# Supplied material
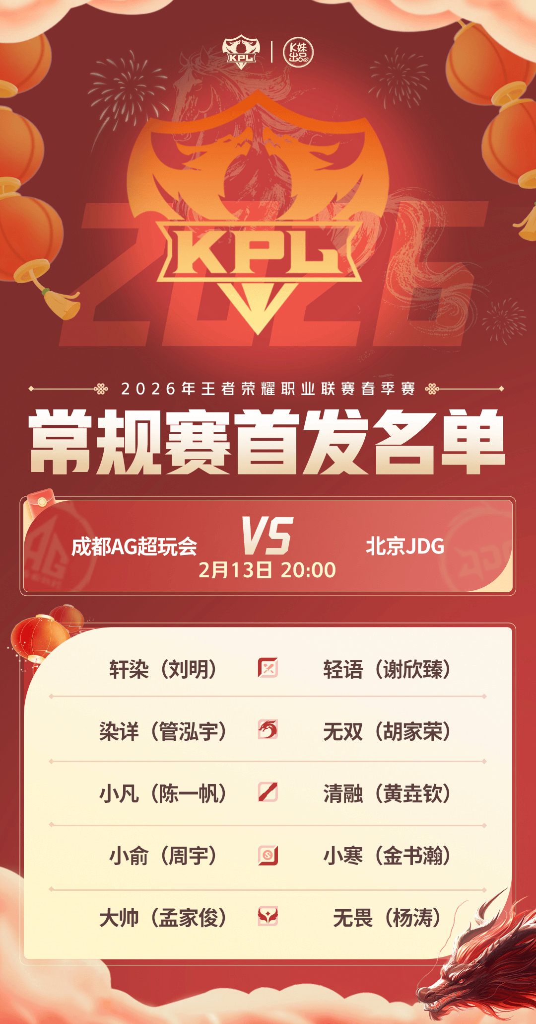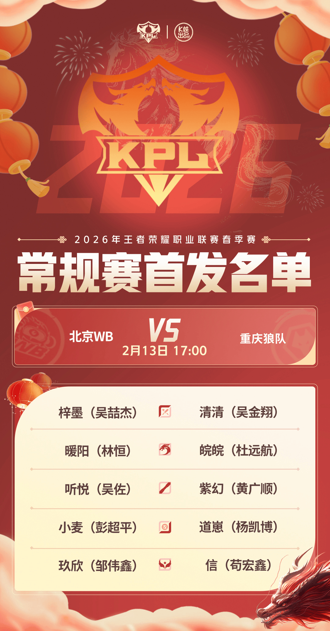 2026KPL春季赛常规赛第二轮W2D4[首发名单]送达!
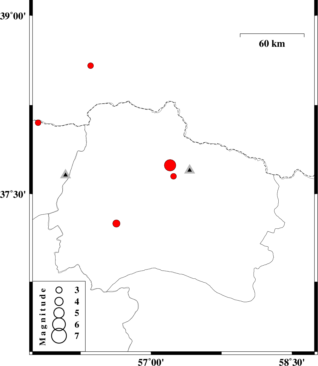 2017/05/05 | 08:12:01.8 | 12:42:01.8 | 38.102 | 55.798 | 14 | ML:2.8 | Golestan Province, 85 km North-East of Kalaleh | ||
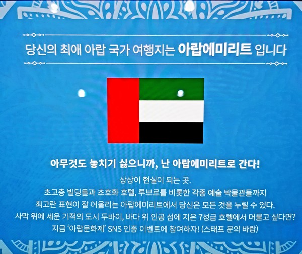 한편, 매년 아랍문화제 행사에 참여하고 '야나트립'은 올해 서울-아부다비 왕복 항공권, 아부다비 5성급 호텔 2박 숙박권, 아부다비 페라리월드 테마파크 입장권 제공하는 SNS이벤트로 아랍문화제를 풍성하게 만들 예정이다.

# What you will do
Return the data above unchanged. Pictures are not part of the copy.

# Result for this exercise
 2026KPL春季赛常规赛第二轮W2D4[首发名单]送达!
 2017/05/05 | 08:12:01.8 | 12:42:01.8 | 38.102 | 55.798 | 14 | ML:2.8 | Golestan Province, 85 km North-East of Kalaleh | ||
 한편, 매년 아랍문화제 행사에 참여하고 '야나트립'은 올해 서울-아부다비 왕복 항공권, 아부다비 5성급 호텔 2박 숙박권, 아부다비 페라리월드 테마파크 입장권 제공하는 SNS이벤트로 아랍문화제를 풍성하게 만들 예정이다.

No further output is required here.